That is, to avoid being in Lizzie’s physical presence. Back in the RV at the little table, he’s got his PowerBook. There’s a web-cam on lower Second Avenue not far from the Yoga Place. He looks for her there. There’s a web-cam over in the tourist blocks of the Seaport, and he checks in there. But except for that one time on Fifty-seventh Street, he hasn’t had a sighting.

Zip has no TV in the Winnebago (“TV without cable, man, is the most depressing spectacle I can imagine”), and the newspapers aren’t delivered, so George has come to rely on the computer for his news. He’s been following the rumored Microsoft–Mose Digital deal. The latest wrinkle, according to a report today on TheIndustry.com, is that
Microsoft will buy all the MBC shows that Mose owns or controls, to run exclusively on WebTV. Including, the story says, “the sophomore-slumping noir police series
NARCS
.” So if Mose and Lizzie have their way, he thinks, his successful creation will be shrunk into some pathetic internet novelty. And his only real asset, a half share in the syndication revenue that Emily might someday derive from her half ownership of
NARCS
, will wither away to nothing.

If George happened to cross the highway right now, to walk three blocks east and two blocks south, he would pass a parked Mercedes S1000. If he happened to look inside the front window of Hirst Sensation, the new bar on Ninth Avenue with the artfully charred interior, he would have a whole month of fresh suspicions to sort out. He would see his best friend with his wife, sitting at a table drinking and talking. He would assume they were talking about him, and he’d be right.

“Thanks for meeting me down here,” she says.

“Hey!
Up
here! It’s practically my neighborhood! I thought you were working on Fifty-seventh Street full-time now.”

“I am, but with all this talk about a Microsoft deal for Mose Digital—”

“Is that more Henry Saddler bullshit or is that real?”

She gives him a look.

“Hey!” he protests. “I don’t own a single share of your dog company anymore!”

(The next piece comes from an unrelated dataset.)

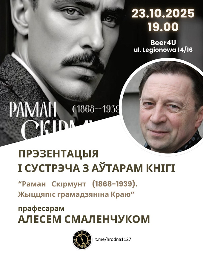 У чацвер, 23 кастрычніка, у Беластоку адбудзецца прэзентацыя кнігі "Раман Скірмунт. Жыццяпіс грамадзяніна Краю" і сустрэча з яе аўтарам, прафесарам Алесем Смаленчуком.

“Yeah. You got out right at the top during the summer, didn’t you?”

“Not quite,” he says, smiling. “Close.”

In the last month, Mose stock has dropped from $45 to $34 a share—a graph line now tracing the Gulf Coast of Florida, currently around Tampa and still heading south.

“How’d you know, Ben?”

“It’s been obvious since last winter that Mose was doing a roll-up. Kind of a clumsy one, frankly.”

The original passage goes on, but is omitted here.